Thank you all for the responses and reassurances of what I could actually put in there. A foot long fish still seems too big, but I guess they don't move around a whole lot. I think learning more about the "personality" of each of these large fish and what type of decor should be in the tank would help me decide. I've been watching videos on You-Tube. I do know that Flowerhorns can bite and bash on the glass and Oscars will rearrage anything in there with it.

I have been reading more lately that Discus arn't as difficult as what I was reading years ago, so I feel better about that. I will keep them as one of my options. My water is Lake Michigan water, so in looking that up, the PH is 7.5 and it isn't hard enough to need a home water softener. That's all I know at the moment.

I've been looking at African the past few days and have added the combo of Blue Dolphin- c. Moorii and yellow labs as an option.


----------



## Dutch Dude (Sep 14, 2006)

Pugmug,....I still didn't talked you over to Discus? :wink: Hmm,....well then I give up :lol: I'm not knowledge enough on Oscars, Midas, Flowerhorns and Texas so I can't help you with that. I do want to point you towards an other interesting group that might be interesting,...Geophagus and especially the small once like Orangehead and Pindare. You tank will be large enough for a group of 5.


----------



## Toby_H (Apr 15, 2005)

As the old adage goes... stable parameters are more important than specific parameters...

For that very reason I don't like to do anything to condition my local water besides add dechlorinator. This has worked great for me as my local water is excellent for my preferred Cichlids (SA/CA). Since you have interests in fish that prefer soft, moderate as well as hard water, finding out your local parameters may help you choose which way to go...

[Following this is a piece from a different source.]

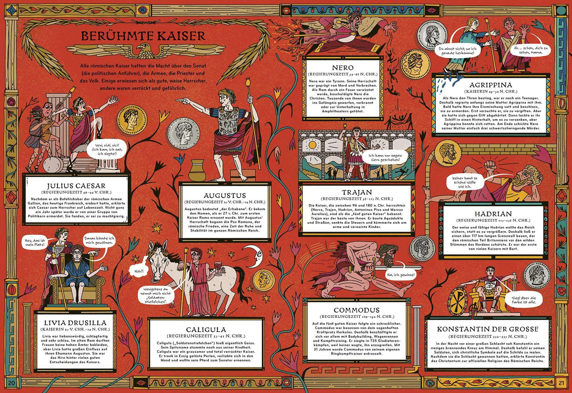 Witzig, bunt und voller Wissen: In diesem rasanten Comic-Band nimmt uns Stephen Davies wieder einmal mit in die Welt der Mythen, Sagen und Legenden. Diesmal dreht sich alles um die römische Antike. In humorvoll gezeichneten Comic-Panels erfahren Kinder nicht nur die abenteuerlichen Geschichten, die man sich über Jupiter, Merkur und Co. erzählte, sondern auch, wie Rom der Legende nach gegründet wurde, wer über das Römische Reich herrschte und wie man dort eigentlich lebte. Von Aeneas über Romulus und Remus bis hin zu Julius Caesar trifft man auf die spannendsten Figuren der römischen Antike. Die perfekte Einführung in die Sagenwelt des Alten Roms für Comic-Fans ab 8 Jahren!

I do think Discus would be a great choice, but having to treat the water with peat for a couple days... then filter it with carbon (to remove tea color)... may be a little too much. Especially if you are going to do an increased water change schedule for them...

Chances are you wouldn't have to do all of that to keep Discus... but until we know your local parameters we won't know for sure...

To get a general idea I would pour tap water in a clean glass... let it sit 24 hours... then stick a test strip in it. The strips are not as accurate as the drop kits but they are fine for getting a general idea of conditions or for verifying consistency.


----------



## Dutch Dude (Sep 14, 2006)

> I do think Discus would be a great choice, but having to treat the water with peat for a couple days... then filter it with carbon (to remove tea color)... may be a little too much. Especially if you are going to do an increased water change schedule for them...


 Domesticated discus be just fine on PH=7.5,.....for youngsters it is even beneficial! I agrea that stability is of more importance. So if the water isn't to hard and your PH is around 7.5 you will be fine.


----------



## pugmug (Nov 15, 2008)

Thanks for the advice. I just spent hours reading every post on Severums. I think one or 2 of these would be perfect for the main fish in a 90 with lots of possibilities for tankmates. Plus, I think this is the only option that allows me to take down my 38 and use those fish and filters to cycle the tank before adding the Sevs. (9 tiger barbs, 2 pictus, 2 cories and a rapheal cat).

Severums seem to be sort of like Discus, but a bit easier and less expensive. Maybe I will try Discus in another tank after I get some experience with the sevs.

1 question, is black sand and background ok with gold Sevs or are they like Discus and show brighter with light surroundings? I am very partial to the black look.

Thanks all.


----------



## HONDO (May 4, 2008)

sevs arent called "poor mans discus" for nothin, haha. sevs are a good choice in my opinion, but if you really want discus i would go for it. the advice you have gotten will give you a great start and if thats what you want, i say go for it. otherwise, i love severums. you may want to be careful with tiger barbs with severums. severums develop nice long fins and mine HATES when fish nip at him. if you get a male sev, those fins can get real long. just an fyi.

Good luck!!!!!


----------



## jcushing (Apr 6, 2008)

uarus are another "poor mans discus" fwiw

the only problem with sevs is that you certainly couldnt do anymore than 1 pair in a 90 where with discus or even uarus you could have alot more of them. they have the potential to get pretty big and are more "cichlid like" in aggresion. if thats ok with you then sev's are a great choice.....


----------



## HONDO (May 4, 2008)

i definetely agree with a max of 2. even with two, there is no guarantee they will get along. i had two in my 75 that did not get along and i had to give one away.

if you go with sevs, i would reccomend getting 6 or 8 as babys and hopefully getting a pair to keep. you wont be able to keep any cichlid tankmates (imo) but at least the centerpiece will be in place.


----------



## Toby_H (Apr 15, 2005)

A pair of Sevs probably won't allow tanmkmates in a 90 gal... but two females probably would...


----------